- **WORK ITEM**: Exactly as they stand, copy the lines from the one containing "Rosarioko Zazpirak Bat" to the final line of the data; leave out the pictures.

- **RECORDED DATA**:
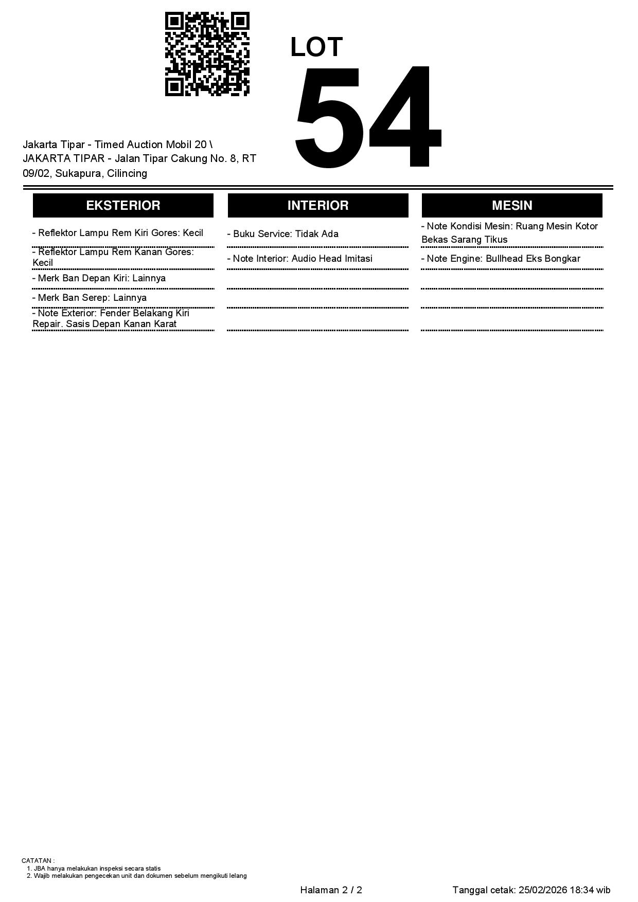 - Kondisi objek lelang dilelang apa adanya, baik kondisi fisik, mesin maupun legalitas kendaraan. Jika terdapat kekurangan/cacat baik yang terlihat maupun yang tidak terlihat, maka semua akan menjadi tanggung jawab/risiko Pemenang Lelang. Oleh karena itu, Pemenang Lelang melepaskan segala hak untuk menuntut dan/atau meminta ganti rugi atas hal tersebut kepada JBA.
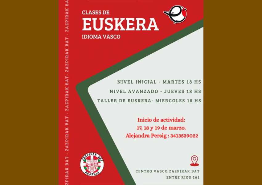 Rosarioko Zazpirak Bat Euskal Etxean euskara klaseak hasiko dituzte gaur, bihar eta etzi.
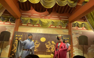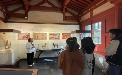 之后讲解员又带领师生们参观了狄公故居,其位于镜池的东侧,主要展示狄仁杰传说故事以及大唐时期民风民俗。还在狄公故居的后殿通过全息投影屏观看了大唐盛世、太原在唐朝的地位、狄仁杰的一生等内容。
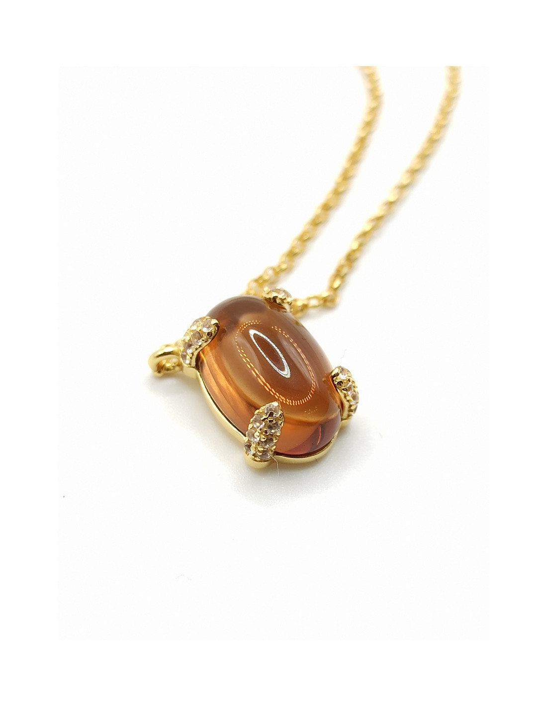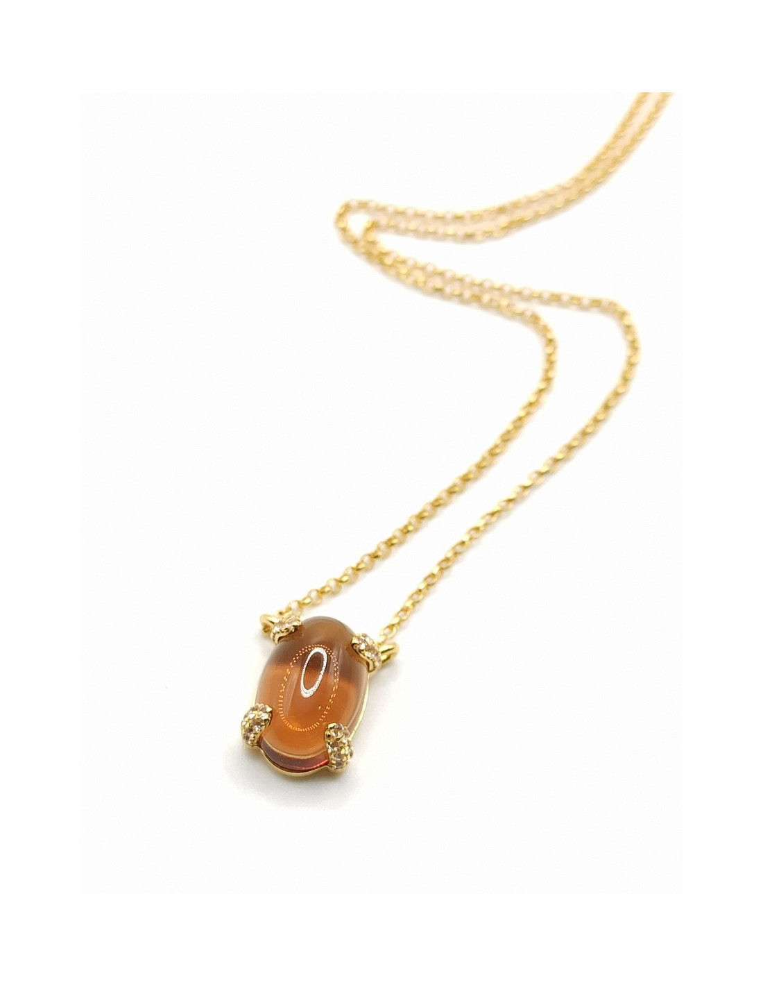 Υπέροχο κολιέ από επιχρυσωμένο ασήμι με cat eye και ζιργκόν.

- **OUTPUT OF THE EXERCISE**:
 Rosarioko Zazpirak Bat Euskal Etxean euskara klaseak hasiko dituzte gaur, bihar eta etzi.
 之后讲解员又带领师生们参观了狄公故居,其位于镜池的东侧,主要展示狄仁杰传说故事以及大唐时期民风民俗。还在狄公故居的后殿通过全息投影屏观看了大唐盛世、太原在唐朝的地位、狄仁杰的一生等内容。
 Υπέροχο κολιέ από επιχρυσωμένο ασήμι με cat eye και ζιργκόν.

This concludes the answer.